Nice- I'd love one but there wouldn't be anywhere I could fit one at home. They can be really expensive especially if weights aren't included. Are you getting an olympic bar with it?

manning219


CrazyRob
Captain

PostPosted: Wed Jan 17, 2007 11:33 pm


manning219
CrazyRob
I'm thinking about getting a bench press soon. I saw a nice one the other day that wasn't too expensive. Hopefully, the price includes the weights. whee


Nice- I'd love one but there wouldn't be anywhere I could fit one at home. They can be really expensive especially if weights aren't included. Are you getting an olympic bar with it?



Er...what's an olympic bar? Lol.

I haven't gotten a chance to look into it, but I'll try to check over the next couple of days what comes with it.
PostPosted: Sun Jan 21, 2007 11:16 am


CrazyRob
manning219
CrazyRob
I'm thinking about getting a bench press soon.
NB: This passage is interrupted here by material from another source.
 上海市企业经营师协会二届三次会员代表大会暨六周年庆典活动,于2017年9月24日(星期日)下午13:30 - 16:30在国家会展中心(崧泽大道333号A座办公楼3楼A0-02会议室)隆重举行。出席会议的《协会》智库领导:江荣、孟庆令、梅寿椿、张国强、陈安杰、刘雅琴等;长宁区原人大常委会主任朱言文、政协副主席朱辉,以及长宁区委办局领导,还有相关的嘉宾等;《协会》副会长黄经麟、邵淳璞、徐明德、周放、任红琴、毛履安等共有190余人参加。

I saw a nice one the other day that wasn't too expensive. Hopefully, the price includes the weights. whee


Nice- I'd love one but there wouldn't be anywhere I could fit one at home. They can be really expensive especially if weights aren't included. Are you getting an olympic bar with it?



Er...what's an olympic bar? Lol.

I haven't gotten a chance to look into it, but I'll try to check over the next couple of days what comes with it.
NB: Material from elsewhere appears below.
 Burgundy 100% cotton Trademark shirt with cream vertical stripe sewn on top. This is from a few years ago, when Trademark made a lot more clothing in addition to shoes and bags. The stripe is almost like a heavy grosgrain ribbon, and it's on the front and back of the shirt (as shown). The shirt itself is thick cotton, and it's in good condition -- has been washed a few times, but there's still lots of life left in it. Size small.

An olympic bar is one thats about 7 feet long and quite thick. The bar itself weighs 20kg (around 44 lbs). They're less likely to bend and can carry more weight than a traditional barbell but are a fair bit more expensive.

manning219


Mirithorn

PostPosted: Sun Feb 04, 2007 2:57 am


Also, crunches and situps are not actually very effective exercises. It would be more effective to do reverse crunches- Lay on your back with your legs at almost a 90 degree angle to your body with your knees slightly bent. Then, making sure to keep your neck relaxed, try to pull your torso towards your legs using your abs.